I tried to visit every drone booth where the alternative or supplement to owning an expensive were displayed. A number of these companies are franchising to interested entrepreneurs their $25K machines to aerially apply fertilizer, minerals or pesticides to row or bean crops. For drier years the ground driven machines make sense. But when growers don’t want to run down their plants on the headlands, or years where the ground rigs traffic is halted due to weeks of wet weather or windstorms cause enough root lodging to prevent field traffic, drones make complete sense. Odd shaped fields and those surrounded by trees or power lines are also application challenges that drones will be perfect for. Rantazio is a drone company that had FFA approval by 2020 to fly as many as five drones as a swarm, allowing sequential loading and spray runs to be made. Their challenges seen in 2022 was keeping batteries charged and lack of enough people to keeping product mixed up and loaded. We had plans in 2020 to aerially spray a field with a product to eliminate a developing SDS problem. The derecho destroyed those plans.

The use and value of the drone will best be realized if the products they are applying have systemic and curative properties. Those two abilities widen the chance of successful outcomes of applying products to control leaf diseases. Timing of application, coverage and gallonage become non-issues.

The number of companies now offering biological products to aid their growth and health has increased dramatically in the last five years. A greater % of them may consistently provide positive results. There are still companies selling products which don’t deliver as promised. In a % of time the products may not performed as advertised when they are not applied correctly, at the wrong time, or if the soil or environmental was not hospitable to the microbe. Low oxygen conditions, applications of salt based fertilizers, high shear pressure application, or application of 82% are damaging to microbe survival.

I have seen projections for the growth in the BioStimulant arena in the 13-15%/year range with many of those belonging to the category of fertilizer efficiency boosters or involve atmospheric N fixation.

A few larger foreign firms have established beachheads in the U.S in the last year by buying U.S. firms.

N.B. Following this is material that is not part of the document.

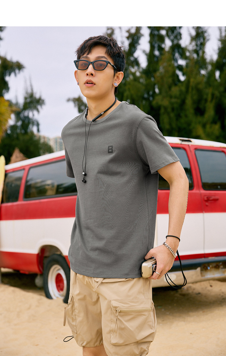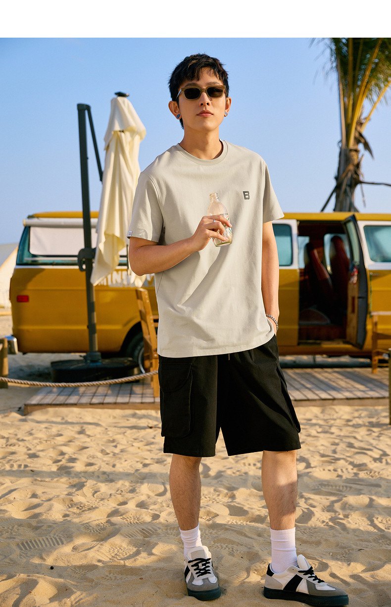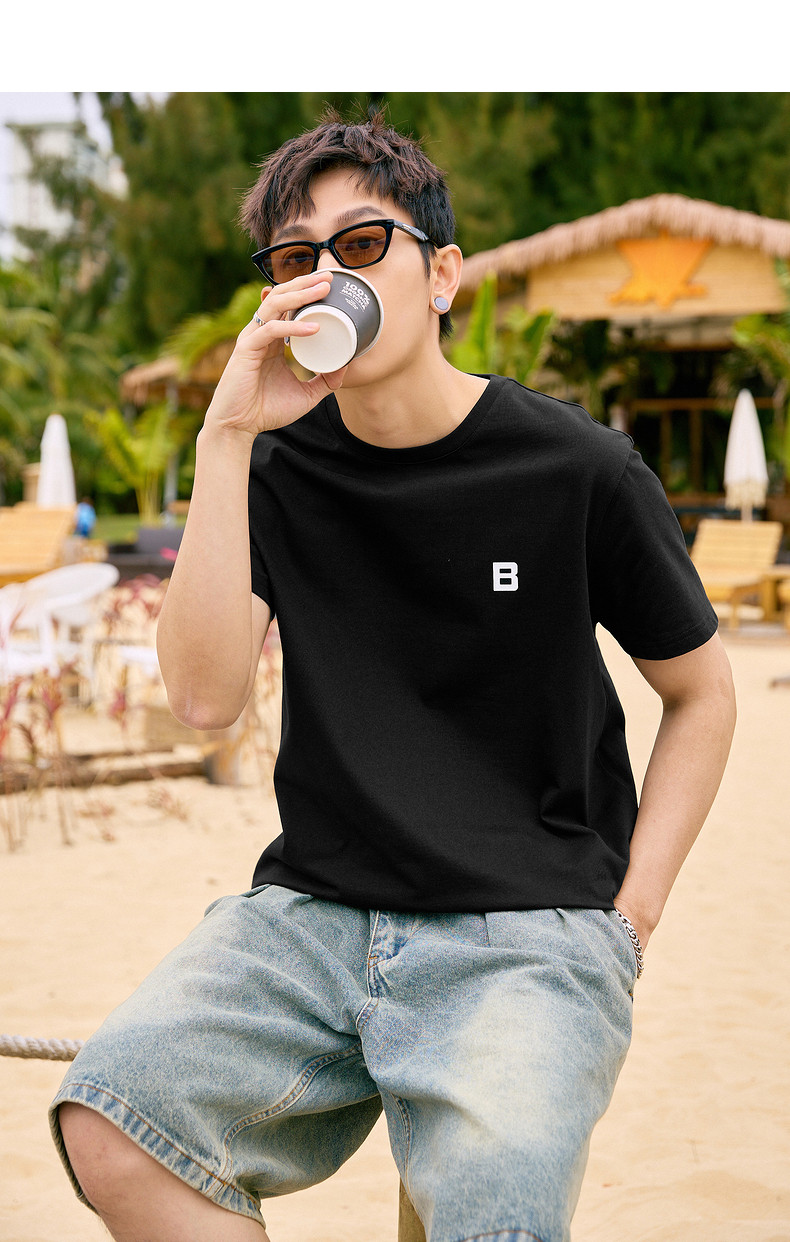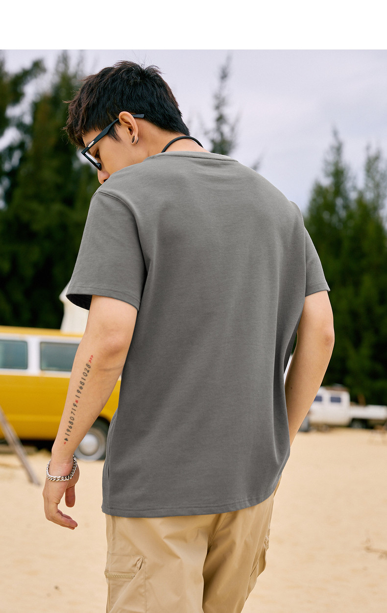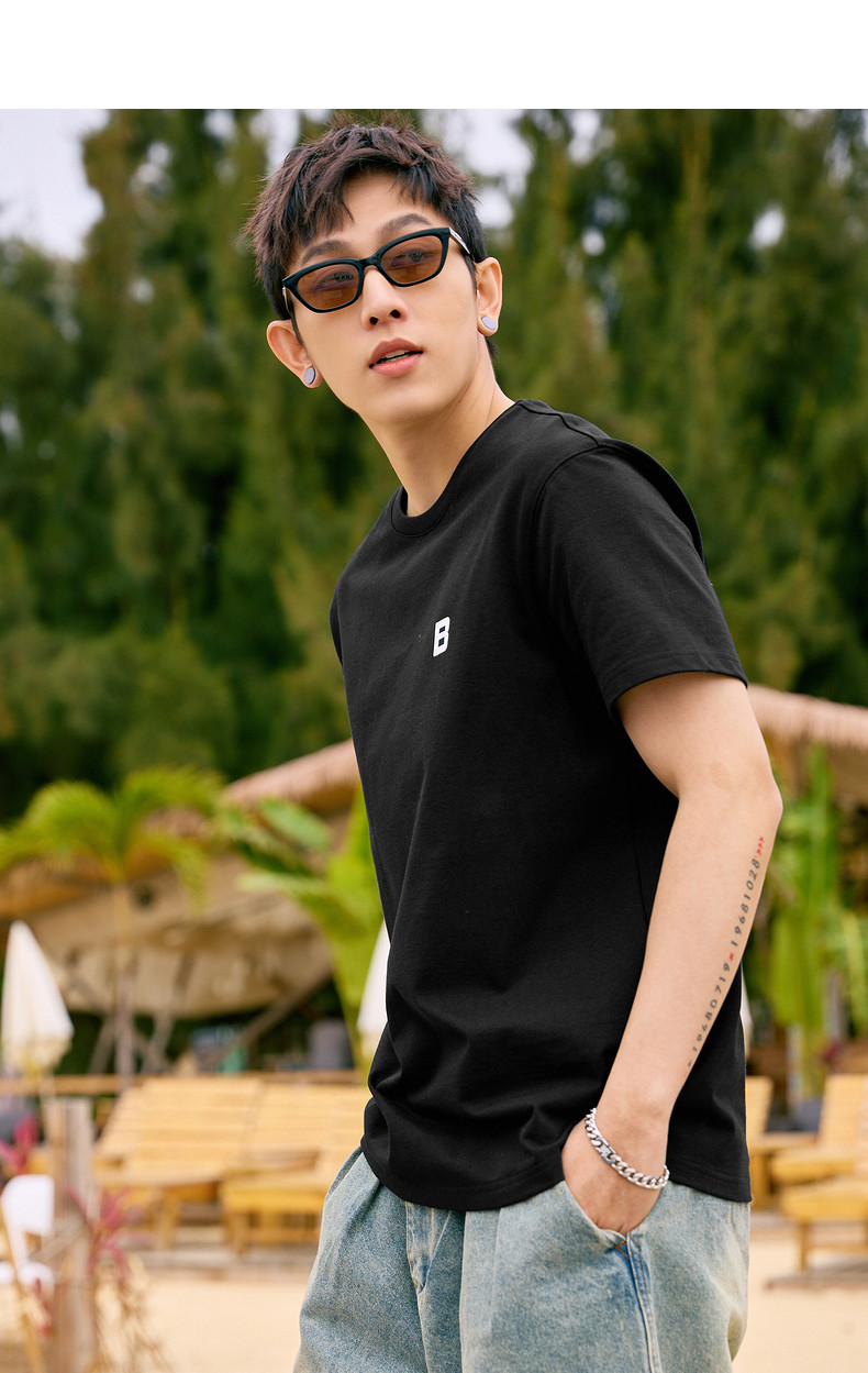唐狮2024夏新款个性小标纯棉短袖t恤男潮休闲宽松圆领打底衫衣服

One was ABM, of Van Wert, Ohio, producer of great inoculants. They were purchased by a French yeast company, as their vat fermentation capacity could be very useful. The other targeted firm was Marrone Biologicals, as founded by Pam Marrone. In her years of biological frontiering work she also founded the company AgriQuest. It which was a leader in the field and eventually purchased by Bayer Ag. A second large seed treatment company, Rizobacter, headquartered in Pergamino, Argentina, and fully immersed with seed firms and the seed treatment business in S America, was the purchaser. I usually visited with their President, Gustavo Anta, when I traveled to Argentina to update him on things and hear about their new products. The Marrone folks were grateful to hear that this big company treated their employees as family.